Retype only what runs from the beginning of the data through the line with "Lithographie Heilbronn, Käthchen"; please omit the pictures and keep every line exact.

*** Opening of INFORMATION SHOWN ***

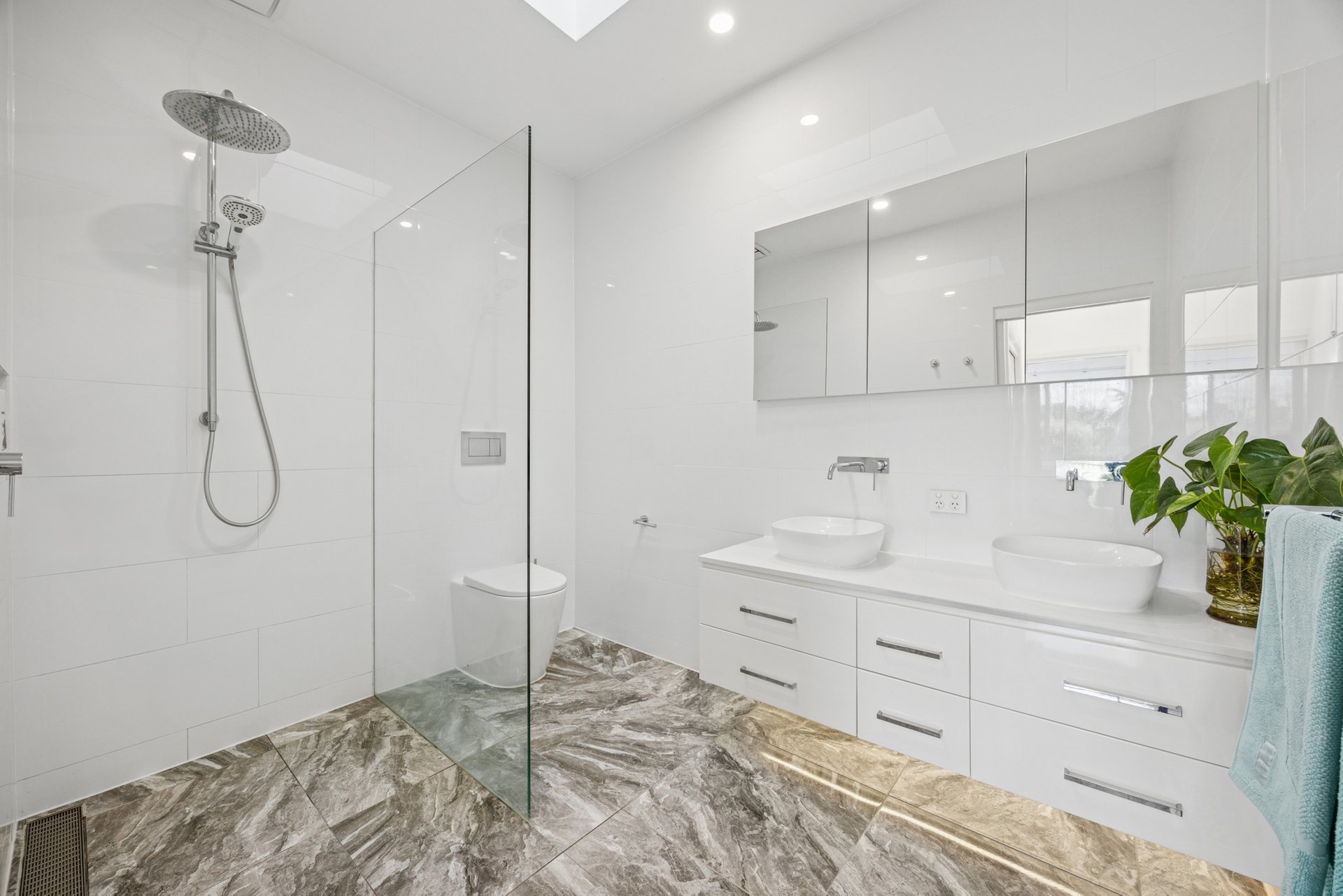 The main bedroom includes a walk-in robe and stylish ensuite. Two additional bedrooms have built-in robes and share a central bathroom with a separate toilet. A full laundry, ducted gas heating, a split-system in the family room and a four-camera security system are additional highlights.
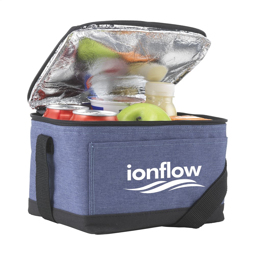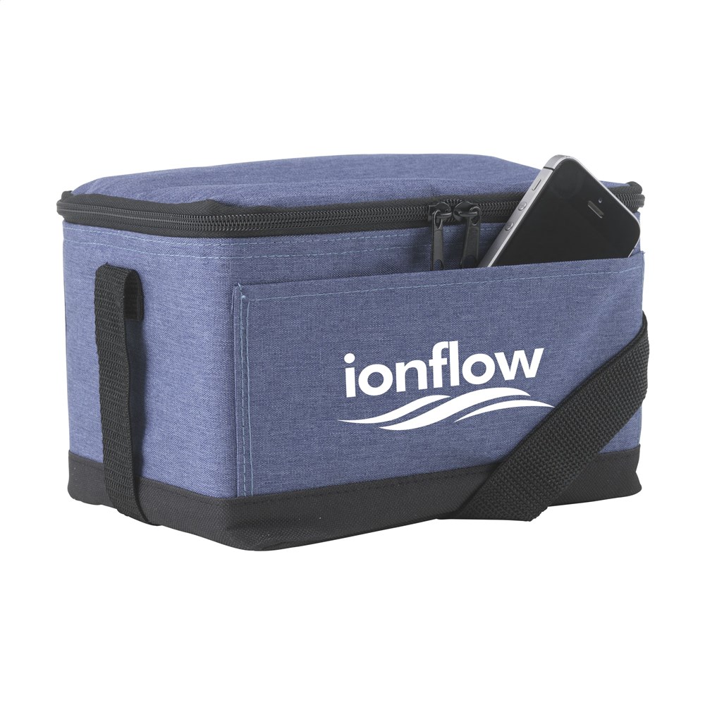 Polyester koeltasje in jeans look. Met voorvakje en verstelbare draagriem. Geschikt voor 6 blikjes drank.
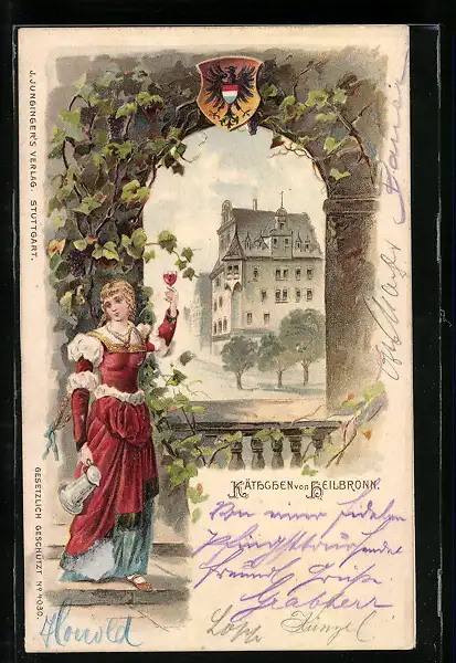 Lithographie Heilbronn, Käthchen von Heilbronn, Wein, Wappen
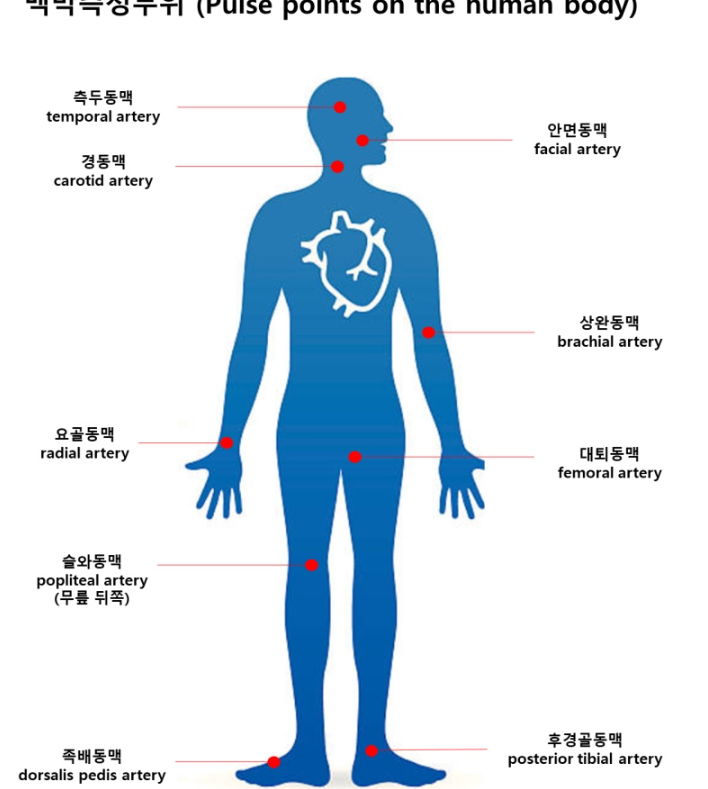 아래 그림 부위에서 맥박을 잘 측정했는지 다시 확인해보시기 바랍니다.

*** Close of INFORMATION SHOWN ***

» **RESULT**:
 The main bedroom includes a walk-in robe and stylish ensuite. Two additional bedrooms have built-in robes and share a central bathroom with a separate toilet. A full laundry, ducted gas heating, a split-system in the family room and a four-camera security system are additional highlights.
 Polyester koeltasje in jeans look. Met voorvakje en verstelbare draagriem. Geschikt voor 6 blikjes drank.
 Lithographie Heilbronn, Käthchen von Heilbronn, Wein, Wappen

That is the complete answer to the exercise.